> Exercise requirements:
Starting at the line that contains "Il Comune di", repeat each line of the listing below through the last one, exactly, and leave out every picture.

> Given information:
◇ ◇ ◇ ◇ ◇
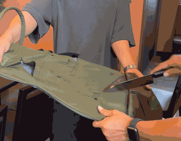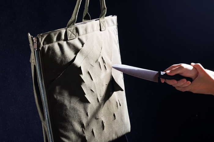 本商品は戦闘用に製造された物ではなく、万が一の時に身を守る助けになるよう作られた切れにくい生地のバッグです。絶対に切れないわけではないため、身の危険を感じた場合は命を守る為、逃げる行動を最優先してください。
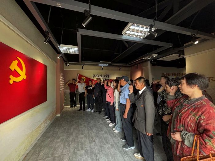 走进纪念馆,党员们认真聆听,仔细观看每一件展品,仿佛置身于那个战火纷飞的年代。在纪念馆内,全体党员整齐列队,面对鲜艳的党旗,庄严地举起右手,重温入党誓词。“我志愿加入中国共产党,拥护党的纲领,遵守党的章程……”铿锵有力的誓言在陈列馆前回荡,表达了党员们对党的无限忠诚和为共产主义事业奋斗终身的坚定决心。这一刻,每一位党员都仿佛回到了入党时的那一刻,心中充满了自豪与使命感。
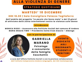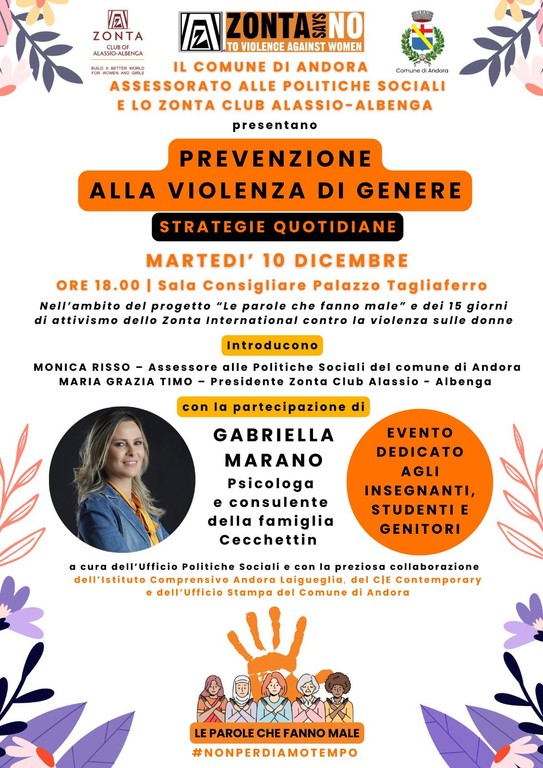 Il Comune di Andora, attraverso il suo Assessorato alle Politiche Sociali, e lo Zonta Club Alassio-Albenga uniscono le forze per promuovere la prevenzione alla violenza di genere con un evento che coinvolgerà insegnanti, studenti e genitori.
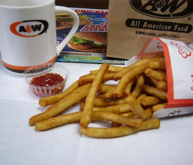 スーパーフライについてA&W ホームページより。 オランダやベルギーなどのヨーロッパ産のじゃがいもが原料。外はカリっと中はもっちりのどこか懐かしい味のこのフライドポテトはオランダ発祥のじゃがいも料理『ラスポテト』が起源で、いったん粉末にしたじゃがいもを各店舗で調理。
◇ ◇ ◇ ◇ ◇
> Response box:
 Il Comune di Andora, attraverso il suo Assessorato alle Politiche Sociali, e lo Zonta Club Alassio-Albenga uniscono le forze per promuovere la prevenzione alla violenza di genere con un evento che coinvolgerà insegnanti, studenti e genitori.
 スーパーフライについてA&W ホームページより。 オランダやベルギーなどのヨーロッパ産のじゃがいもが原料。外はカリっと中はもっちりのどこか懐かしい味のこのフライドポテトはオランダ発祥のじゃがいも料理『ラスポテト』が起源で、いったん粉末にしたじゃがいもを各店舗で調理。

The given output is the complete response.